### What you have to do
Produce exactly the lines from the one holding "Alikibi-Tri Cashmere-Tuch für" through the last line of the data below, with every picture left out.

### Records shown
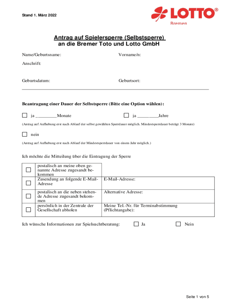 Holen Sie sich kostenlos Antrag auf Spielersperre (Selbstsperre) an die Bremer Toto ...
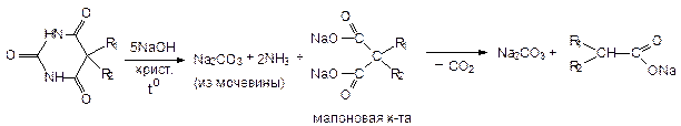 Эту реакцию можно использовать для идентификации, т.к. выделяется аммиак (запах, лакмус) + после подкисления - кислота будет обладать характерным запахом, а из карбонатов будет выделять углекислый газ. Также эта реакция показывает строение барбитуратов, их принадлежность к классу уреидов и те возможные изменения, которые могут возникать в процессе хранения. Как аналитическая реакция не используется.
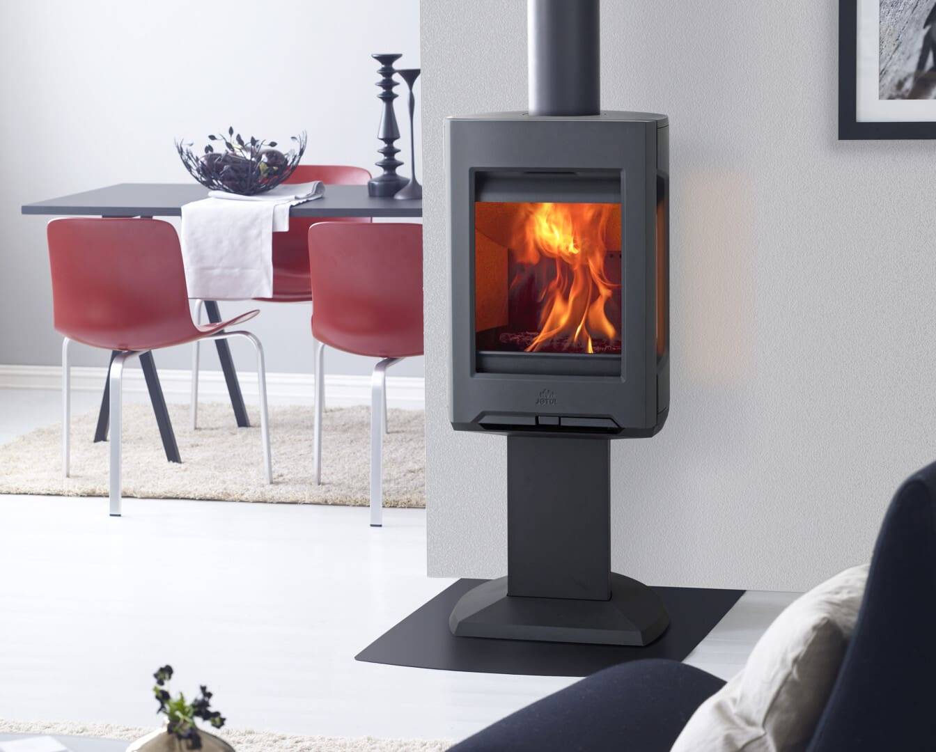 Jøtul F 163 is characterised by its large side glasses and three sturdy legs that give the wood stove an easy and modern look. There are also different finish options and you can choose either black paint or maintenance free white enamel.
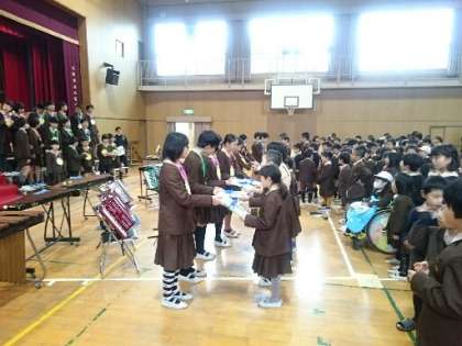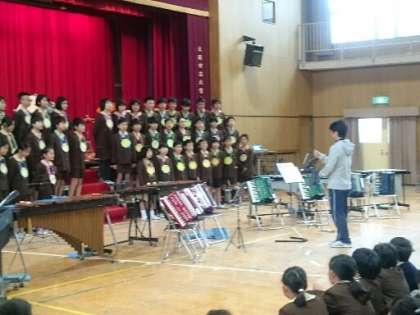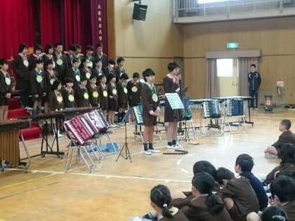 たくさんのものをプレゼントされた6年生からのお返しです。一人一人が縫ったぞうきんが在校生に手渡されました。あいさつの言葉に続いて、歌と合奏のプレゼントです。音楽が大好きで、これまでたくさんのすてきな演奏を披露した6年生のラストステージです。
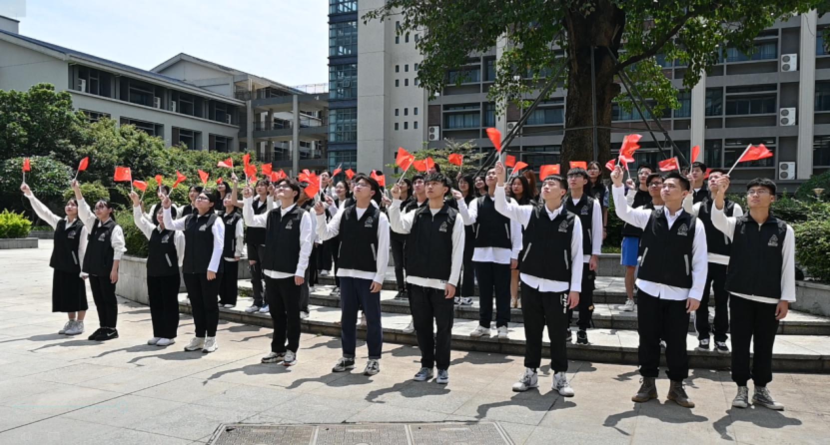 “五星红旗,你是我的骄傲” 为庆祝中国共产党建党100周年,热情讴歌我们伟大的党、伟大的祖国,5月7日,在创意设计学院院长王锦锋、党总支书记、何帅,副书记范琪以及辅导员们带领下,师生们手持小红旗,开展快闪活动,齐声同唱《红旗飘飘》,共同表达对党的热爱和祝福。
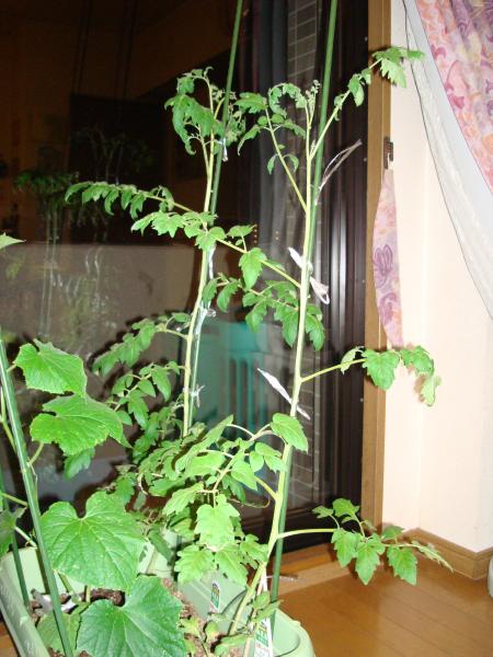 手前がプチトマト、奥がトマト。
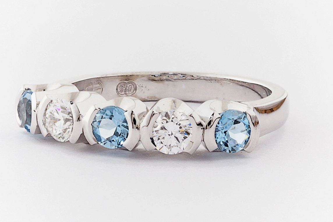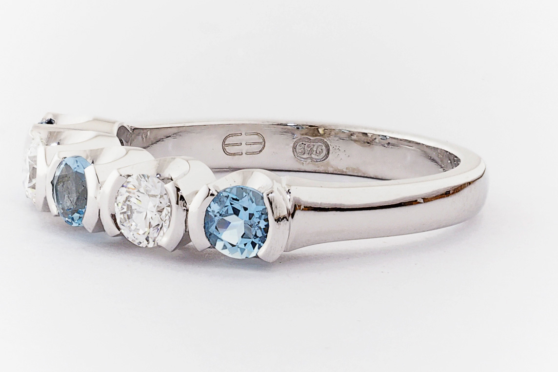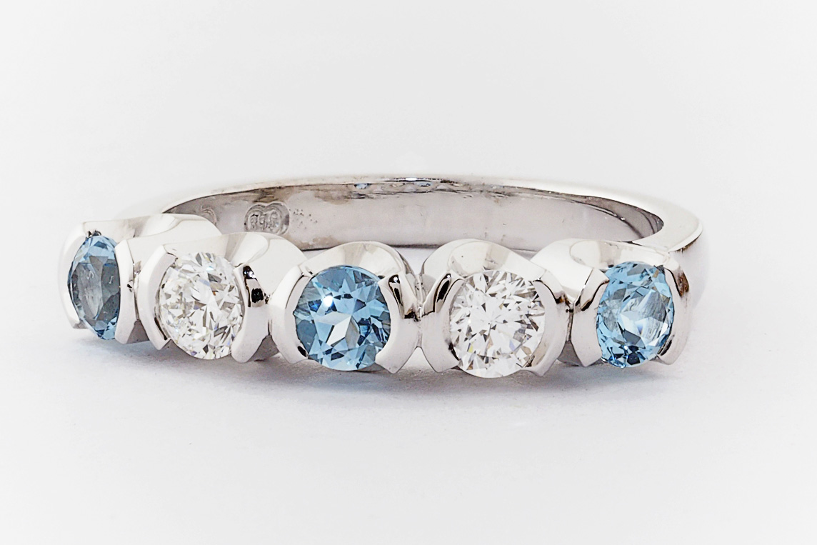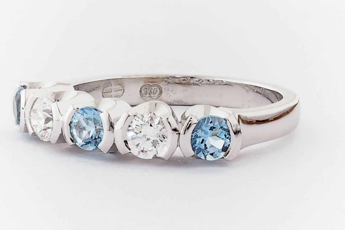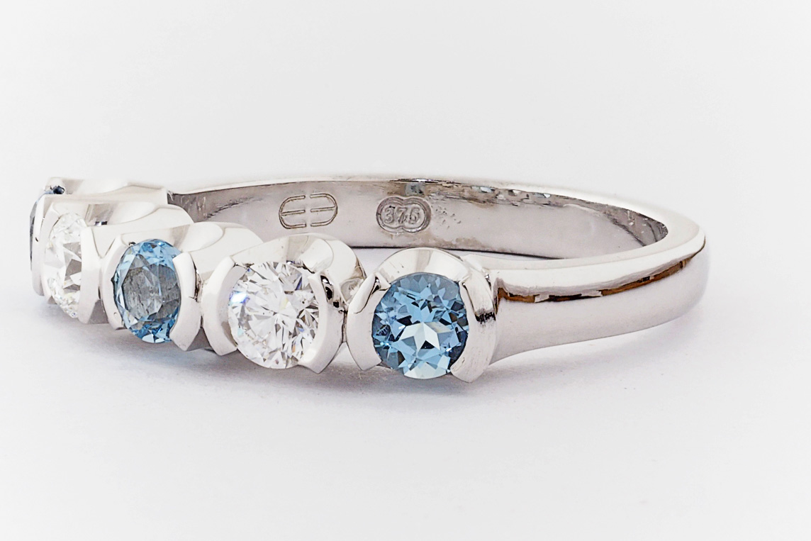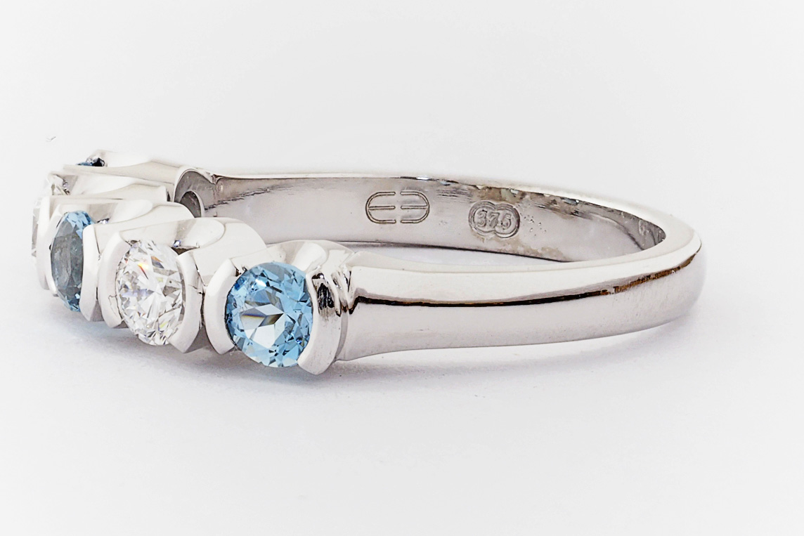 9ct white gold, diamond and aquamarine handmade ladies ring
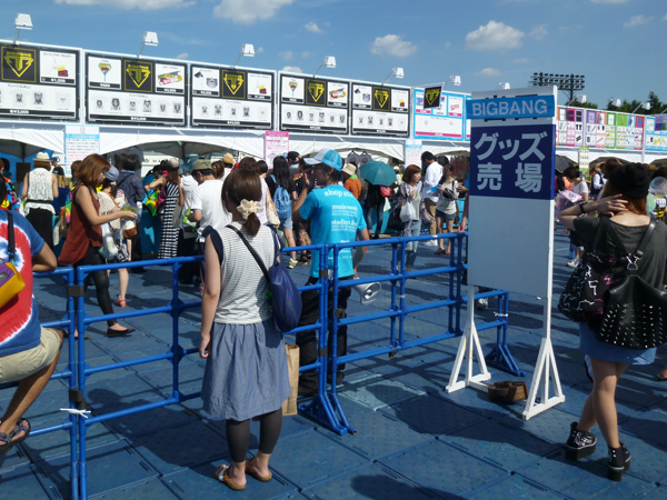 ■スタジアムに入る!僕がスタジアムに入ったのは、15時くらい。 オープニングアクトのステージをやっていました。 座席表で座席を確認して、C12ブロックへ。 アリーナの後ろから(K→J→H→・・・)と前に進むにつれて、 どんどんステージに近づいていく! C12ブロックまで到着すると、本当に目の前!! このときの爽快感は結構なものがありました。 チケットチェックは相当厳しかったです。 C12ブロックに行くまでに、関所(?)が3箇所あって 3回チケットチェックを受けました。
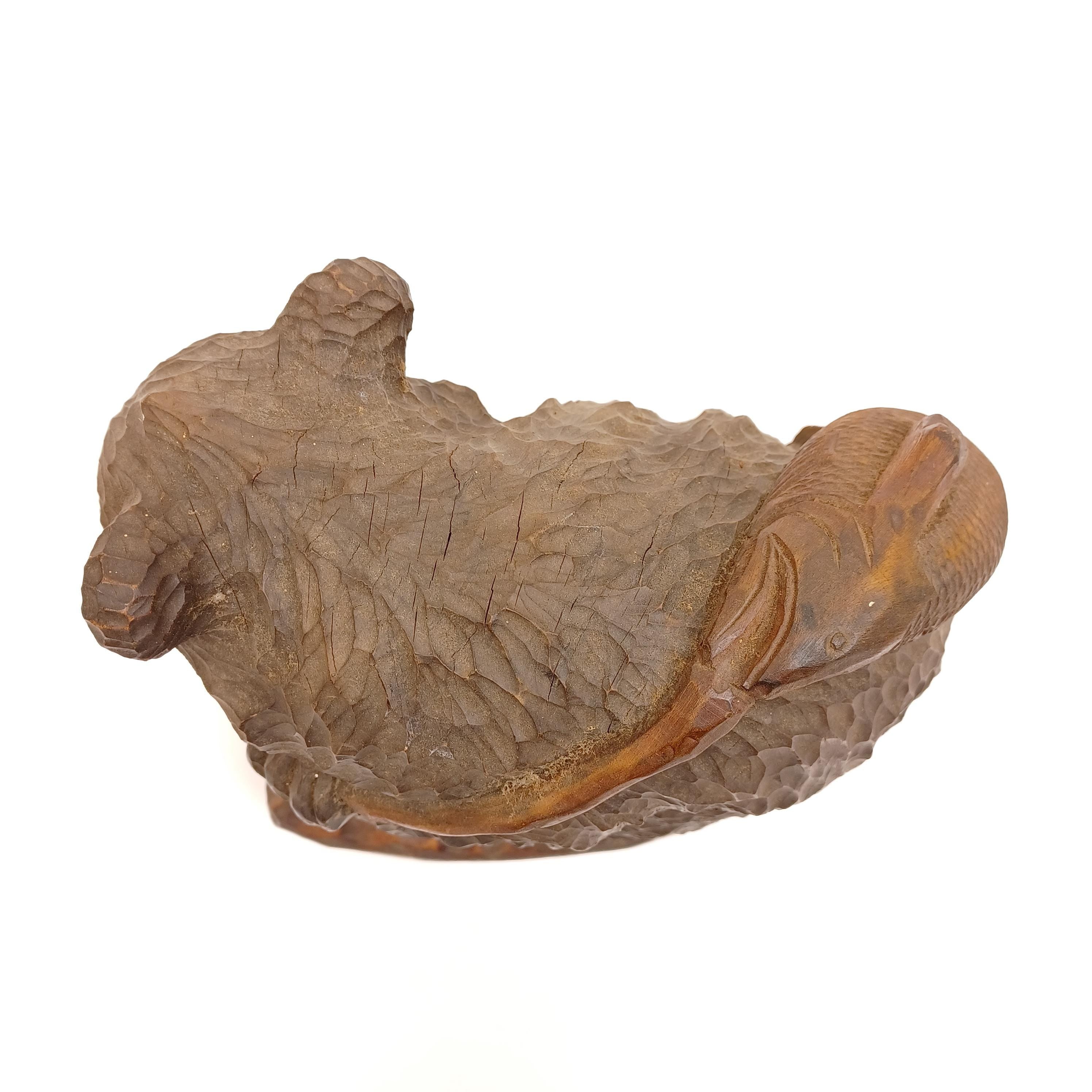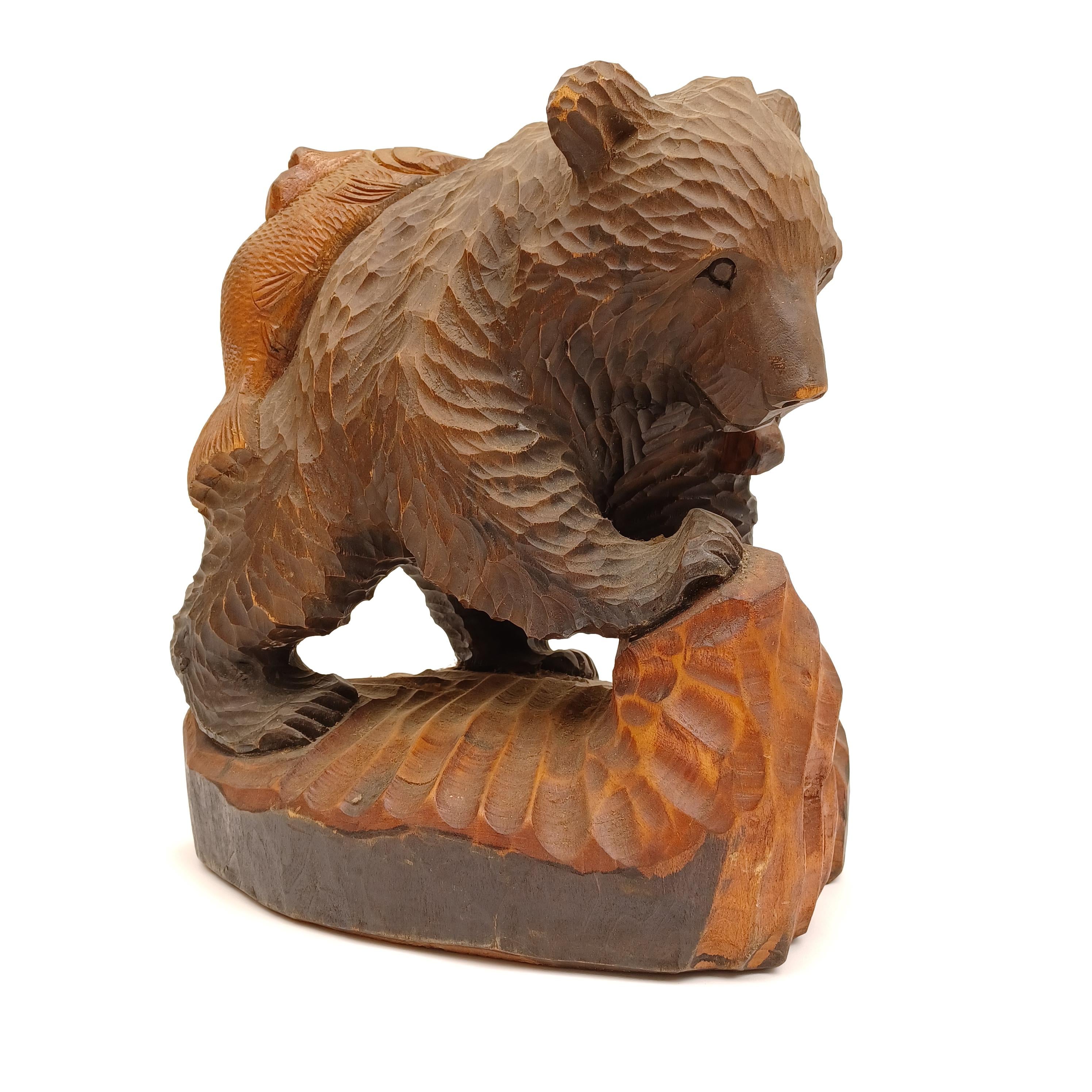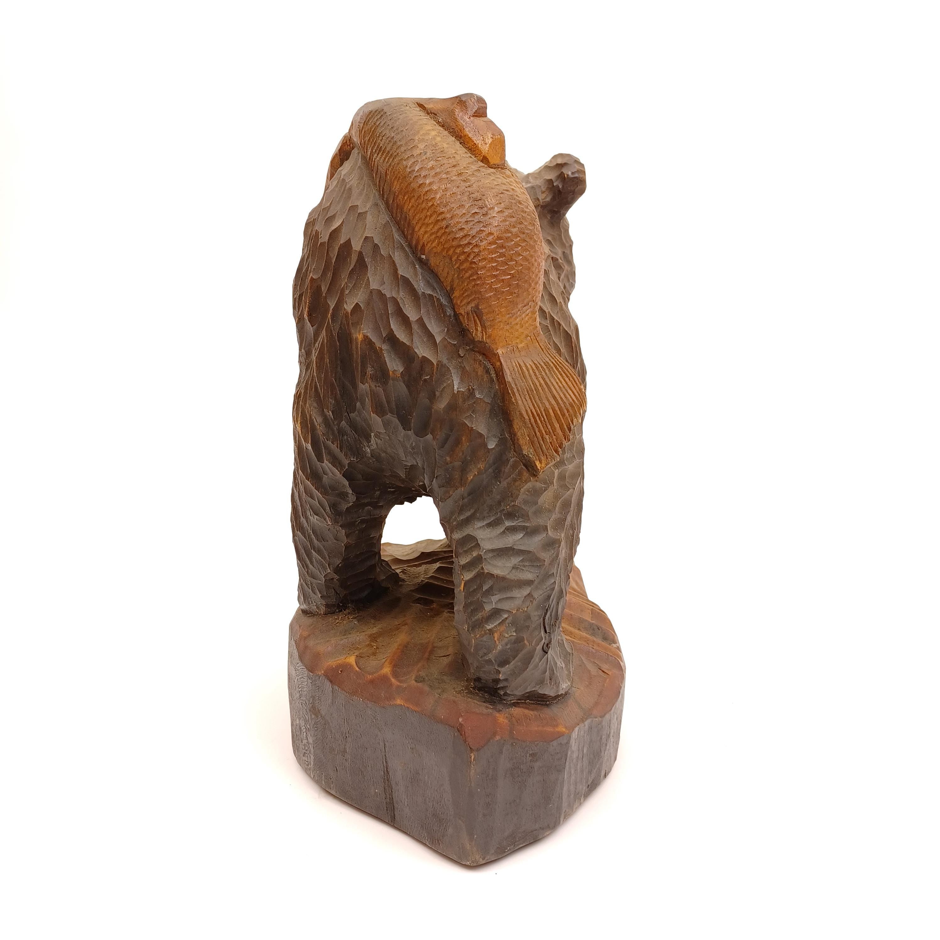 Used Hand-Carved Wooden Bear with Salmon from Japan Hokkaido Ainu Style Folk Art Sculpture 12.2in Vintage Figurine
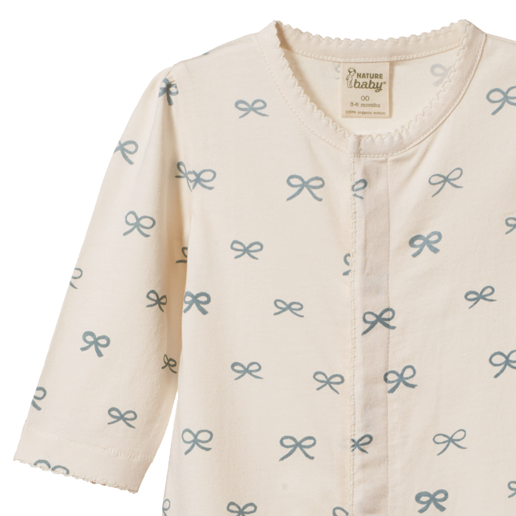 A sweet feminine version of our much loved Stretch and Grow. Our Lucy suit is made from soft organic cotton jersey and features beautiful gathering at the top of the sleeves , delicate picot stitching and hidden domes top open. To minimise shrinkage, this fabric has been pre-washed.
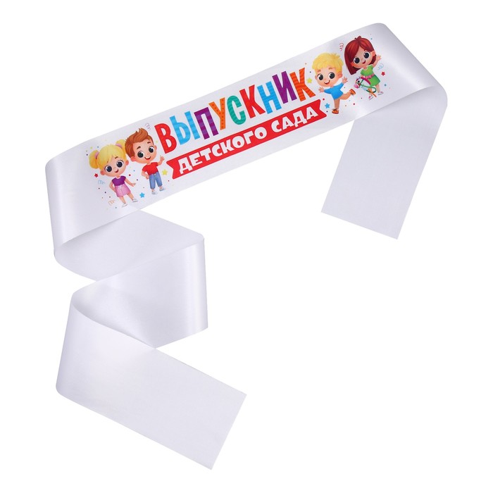 Лента атласная с цветным нанесением на выпускной «Выпускник детского сада», дети, 140×10 см — Характеристики
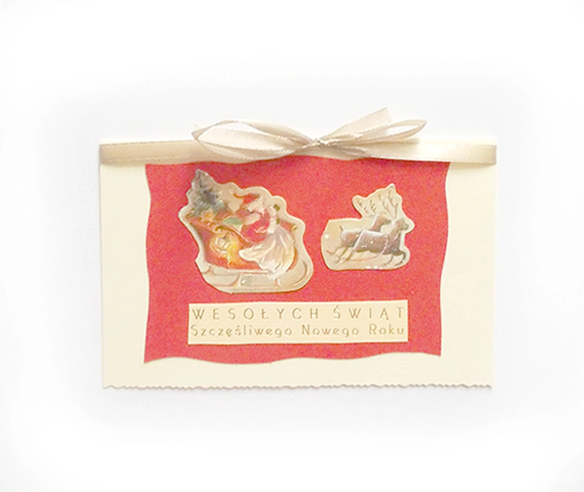 Otwierana kartka z okazji świąt Bożego Narodzenia oraz Nowego Roku, kremowy kartonik, wstążeczka. W środku karnet jest bez życzeń. Dołączona biała koperta.
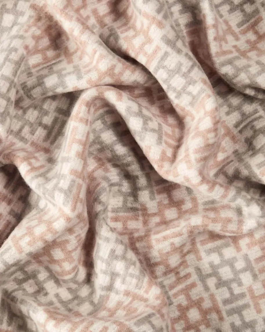 Alikibi-Tri Cashmere-Tuch für Damen von Hemisphere in Camel, Grau und Creme. Derdreieckige Schal aus hochwertiger Cashmere-Wolle punktet mit einem weichenGriff, während das Monogramm-Muster ein stilvolles Accessoire kreiert, welcheszugleich als Cape getragen werden kann.
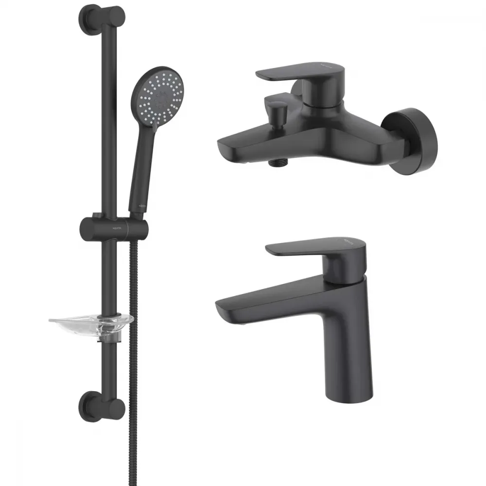 Комплект смесителей Aquatek Бетта AQ1130MB с душевым гарнитуром, черный матовый
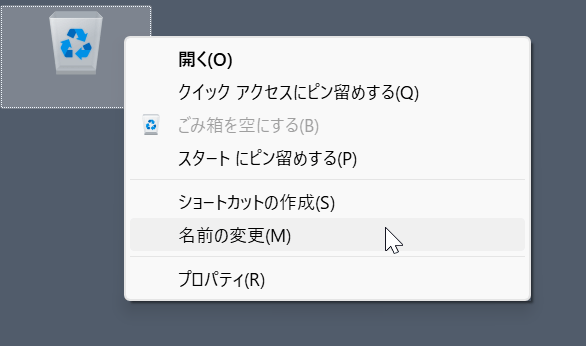 シンプルだが、「ごみ箱」を右クリックして、「名前の変更」で、スペースなどの空白文字を入れておけば、テキストを透明化できるのだ。

### Completed exercise
 Alikibi-Tri Cashmere-Tuch für Damen von Hemisphere in Camel, Grau und Creme. Derdreieckige Schal aus hochwertiger Cashmere-Wolle punktet mit einem weichenGriff, während das Monogramm-Muster ein stilvolles Accessoire kreiert, welcheszugleich als Cape getragen werden kann.
 Комплект смесителей Aquatek Бетта AQ1130MB с душевым гарнитуром, черный матовый
 シンプルだが、「ごみ箱」を右クリックして、「名前の変更」で、スペースなどの空白文字を入れておけば、テキストを透明化できるのだ。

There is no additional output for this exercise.